The last two weeks I’ve been trying to identify groups of orthologous genes across the genomes of four Pseudomonas fluorescens strains, including our strain R124. The R124 genome was annotated using the the IMG-ER service which also assigns genes to clusters of orthologous genes (COGs) during the process. I’d specifically like to be able to estimate the size of the pan-genome for Pseudomonas fluorescens though.
The pan-genome describes which orthologs are present in a group of related genomes. The core genome is the orthologs found in all genomes, the dispensable genome is the orthologs found in some of the species, while the unique genome is specific to an individual. Differences between genes in each of these groups will identify the possible differences in lifestyle between strains encoded in the genome. The size of the pan-genome also suggests the degree of the variation between the species/strains.
To estimate the pan-genome for P. fluorescens I followed the methods used by Hogg et. al which are described in the supplementary material as being suitable for pan-genome estimation. I modified this method to include a clustering technique and the steps I took are described in brief below.
Ortholog identification
All P. fluorescens protein coding gene sequences from all four strains were compiled into a fasta nucleotide database. The protein sequence of each gene was then used to search all six-frame translated sequences using tfasty. Using six frame translations attempts to account for possible frame shift errors in pair-wise comparisons.
Positive gene matches were those identified as having at least 70% sequence identity over at least 70% the length of the shortest of the two sequences.
The tfasty matches between sequences was used to generate a network of sequence similarity. Each node in the network represents a P. fluorescens gene from any of four genomes and each arc represents sequence similarity between the two sequences.
Groups of orthologous genes were then identified in the this network using the Markov clustering software (MCL). This software simulates a random walk over a network and more similar nodes are more likely to appear together in the same walk. Groups of orthologous genes were identified as those clustering together.
Clustering results
I wanted to test this clustering approach to determine how effective this process was in identifying orthologs. I aligned each cluster of sequences using MAFFT and then determined the consensus sequence from this alignment. The distribution of consensus sequence length as a percentage of the total alignment length is shown in the histogram below.
This figure shows that the majority of ortholog clusters have a consensus sequence length greater than 50% of the alignment length. However what I found unusual was that 2.3% of gene clusters produced a consensus sequence less than this.
I compared the number of sequences in the alignment, and length of alignment to determine if these factors could be related to the consensus sequence length. The graphs for these are shown below and suggest that neither of these two factors have an obvious effect.

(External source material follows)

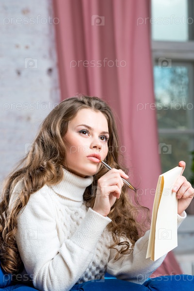 Портрет красивой внимательной девушки в теплом свитере на диване

I also compared the cluster efficiency, a metric produced by MCL, to determine if the way in which the data is clustered and therefore which sequences are included in each ortholog group is related to the consensus estimation. This also appeared to be unrelated.
Finally I manually looked at the alignments that had a low consensus length. In many of these alignment there were small sequences included which were much shorter than the rest of the sequences in the alignment. Plotting the difference between the largest and smallest sequence in each ortholog cluster does suggest there is a trend.

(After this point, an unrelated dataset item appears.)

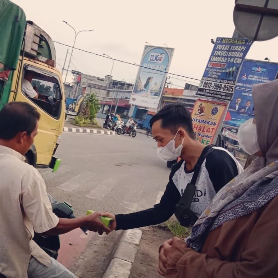 JAMBERITA.COM- Sejumlah Mahasiswa Universitas Jambi yang tergabung dalam Kesatuan Aksi Mahasiswa Muslim Indonesia (KAMMI) Komisariat At-tahrir mengadakan bakti sosial dengan membagi-bagikan takjil gratis menjelang berbuka puasa di simpang 3 lampu merah simpang rimbo, Pada Sabtu sore (09/04/2022).

The likely reason for this is that small proteins are matching a conserved domain in a larger sequence and therefore being considered a match when generating the network for clustering. It’s debatable at what length a shorter sequence may not be considered to encode an orthologous function, but I opted for an arbitrary cut-off of a 50% difference in size. Repeating the analysis using this cutoff generated the following distribution of consensus length where the number of sequences with consensus less than 50% dropped for 2.3% to 1.6%.
This does not completely eliminate the poorly aligned gene clusters nor does this appear to reduce the obvious bias related to differences in sequence size. However this did seem to eliminate about a third of the poor sequence alignments. The best way to deal with the remaining clusters may just be to remove them.